児童労働の画像

 スウェーデンの公的年金基金 AP1、AP2、AP3、AP4の代表者から構成される倫理委員会(Council on Ethics, Swedish National Pension Funds)が、2016年度版の年次報告書を公表した。

  倫理委員会(以下、委員会)は2007年に設立され、企業の持続可能な日常的活動がリスクの低減と同時にリターンの最大化をもたらす、という信念にもとづき、各基金の投資先企業とのエンゲージメント活動を行っている。

 主な実施項目は以下の通りである。

  •  スクリーニング
    (AP基金の投資先企業約4,000社のうち、スウェーデン政府が批准している国際規範に違反しているグローバル企業(海外企業)や潜在的な課題を抱えている企業を、メディアやNPO法人などの情報をもとに特定)
  • 違反事例の分析
  • 企業との対話
  • AP基金に対し、改善が見込まれない企業の株式売却を推奨

  委員会は設立以来、毎年活動報告書を公表している。10周年にあたる2016年度は、前年に引き続き、生物多様性、腐敗防止、人権の分野を焦点とし、世界316社との対話を実施した。特に人権分野では、タイの企業が抱える違法漁業と強制労働問題、カタールでFIFAワールドカップの競技場建設に従事する労働者への強制労働問題、フランスの企業で指摘されている劣悪な労働環境問題、ココアやたばこ産業における強制労働や児童労働課題などへの取組みが報告されている。また、鉱業廃棄物の河川投棄に対する委員会の改善要請に応じなかったとして、中国の鉱山会社ズージン・マイニング(Zijin Mining/紫金鉱業集団)を投資対象から除外するよう、各AP基金に勧告している。

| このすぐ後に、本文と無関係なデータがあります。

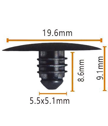 La parte superiore di questa vite è progettata per essere piatta, con un diametro di 19,6 mm e una lunghezza di 8,6 mm, garantendo una vestibilità ravvicinata con tutte le parti del veicolo. La parte rialzata al centro ha un diametro di 5,5 mm e 5,1 mm di altezza. Questo design unico non solo migliora l'effetto di serraggio della vite, ma rende anche il processo di installazione più fluido. Il fondo è una base rotonda piatta con un diametro di 9,1 mm, che fornisce un supporto stabile per la vite. La dimensione complessiva è chiaramente contrassegnata, il che è conveniente per identificare e selezionare rapidamente quando si utilizza.
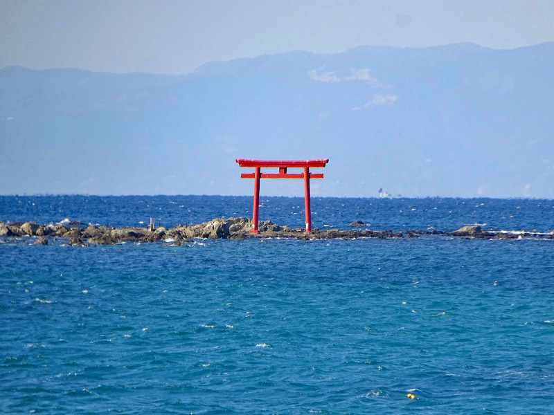初日の出の名勝として知られる「真鶴岬」海上の岩礁「三ツ石」。(2024.5)

 委員会の議長ピーター・ルンドクヴィスト(Peter Lundkvist)氏は、「委員会は過去10年間、投資先企業の課題解決の手段として対話によるエンゲージメントを実施してきた。これは、投資先企業の株式を売却することに比べ、持続可能な戦略である。当初は珍しかったが、投資先企業の課題改善のために株主が働きかけることは、今では責任投資の標準的な手法となっている。委員会は、これまでの成果に決して安住することなく、環境、人権、腐敗課題の改善に向けた取組みを継続する」と語る。
 

【AP基金(AP1~4、AP6、AP7)】
 スウェーデンの公的年金保険制度は、賦課方式に基づく年金制度と、加入者が自ら運用先を選択する積立方式の年金制度に分かれる。
それぞれ、Allmänna Pensionfonden(公的年金基金)と呼ばれる6つのファンド(AP1~4、AP6、AP7)が運用している。

 AP1~4は、賦課方式の年金制度で新規流入積立金の運用を担う。同一の法のもと、毎年保険料を4分の1ずつ受け入れている。また、人口動態や経済的ショックによる給付の変動を吸収する役割を持つため、バッファーファンドとも呼ばれる。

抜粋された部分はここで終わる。